Dataset entries
========

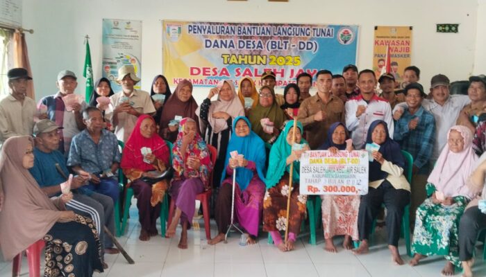 Divisinews.com // Banyuasin – Pemerintah Desa Saleh Jaya Kecamatan Air Salek Kabupaten Banyuasin Sumatera Selatan melakukan penyaluran Bantuan Langsung Tunai Dana Desa (BLT DD) tahap IV Bulan Oktober, Nopember dan Desember tahun 2025 sebanyak 25 KPM. Kamis (10/10/2025)
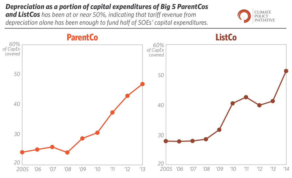 - Due to the high growth rate of the asset base over the last decade, tariff revenues to cover depreciation expenses alone are now large enough to fund almost half of the total capital expenditures of SOEs.
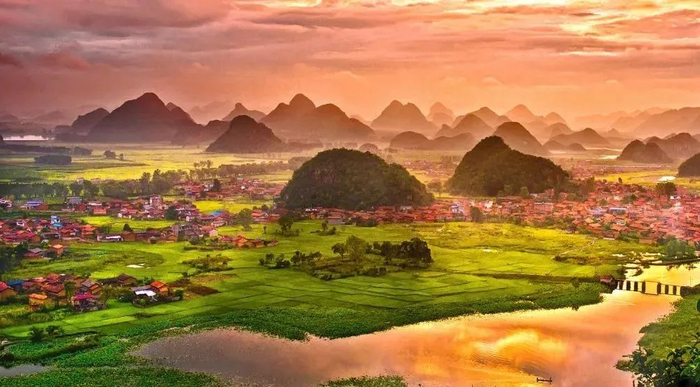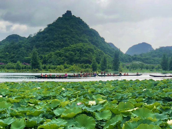 普者黑,为彝语,意为“盛满鱼虾的湖泊”,以“水上田园、彝家水乡、岩溶湿地、湖泊峰林、荷花世界、鱼鸟天堂”等景观而著称。
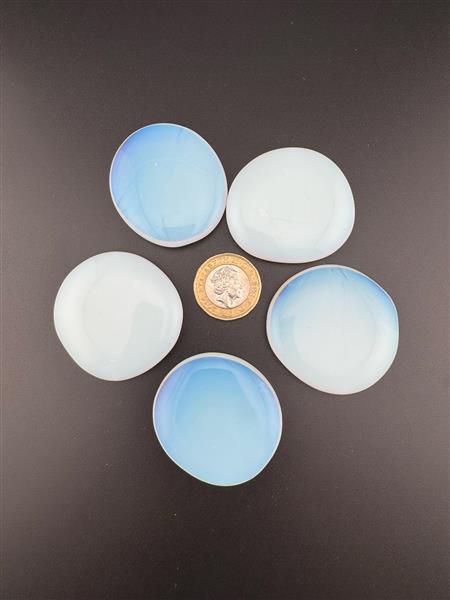 Opalite, a beautiful man-made crystal, is believed to promote emotional balance, foster inner peace, and clear energy blockages. Known for supporting spiritual growth and intuition, it’s also thought to improve sleep quality and boost self-esteem. Each piece measures approximately 40mm in diameter, with natural variations in colour, shading, and size, making every stone unique.
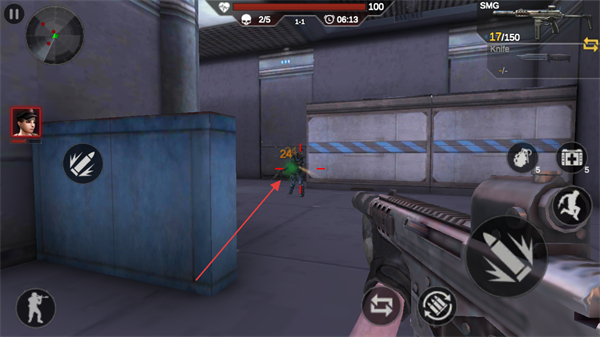 1、利用掩体如蓝色立柱掩护,瞄准敌方角色发起攻击,积累击杀数。
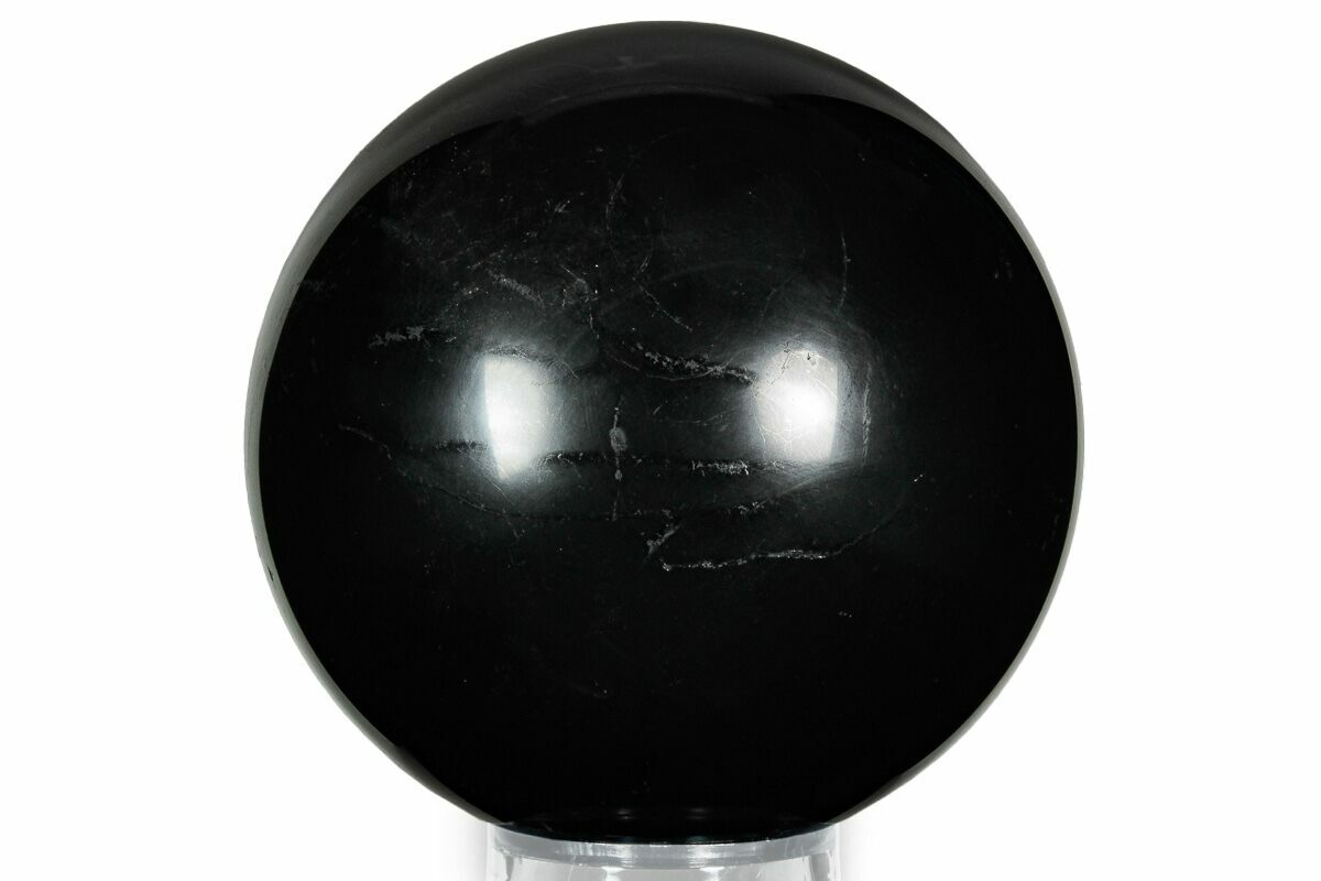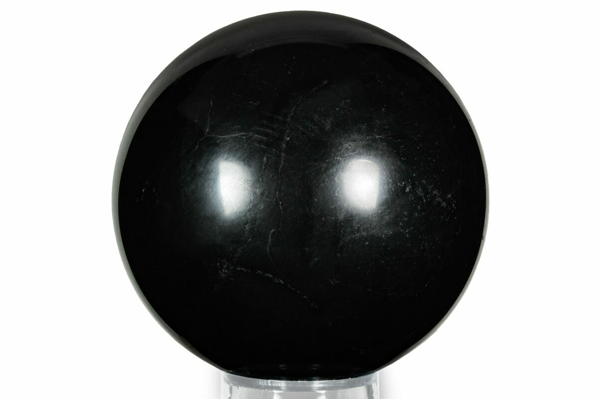 This is a shiny, 4.1" wide polished sphere of shungite. It comes with an acrylic ring stand.

========

All of the records above must be copied exactly, except for the pictures.

 Divisinews.com // Banyuasin – Pemerintah Desa Saleh Jaya Kecamatan Air Salek Kabupaten Banyuasin Sumatera Selatan melakukan penyaluran Bantuan Langsung Tunai Dana Desa (BLT DD) tahap IV Bulan Oktober, Nopember dan Desember tahun 2025 sebanyak 25 KPM. Kamis (10/10/2025)
 - Due to the high growth rate of the asset base over the last decade, tariff revenues to cover depreciation expenses alone are now large enough to fund almost half of the total capital expenditures of SOEs.
 普者黑,为彝语,意为“盛满鱼虾的湖泊”,以“水上田园、彝家水乡、岩溶湿地、湖泊峰林、荷花世界、鱼鸟天堂”等景观而著称。
 Opalite, a beautiful man-made crystal, is believed to promote emotional balance, foster inner peace, and clear energy blockages. Known for supporting spiritual growth and intuition, it’s also thought to improve sleep quality and boost self-esteem. Each piece measures approximately 40mm in diameter, with natural variations in colour, shading, and size, making every stone unique.
 1、利用掩体如蓝色立柱掩护,瞄准敌方角色发起攻击,积累击杀数。
 This is a shiny, 4.1" wide polished sphere of shungite. It comes with an acrylic ring stand.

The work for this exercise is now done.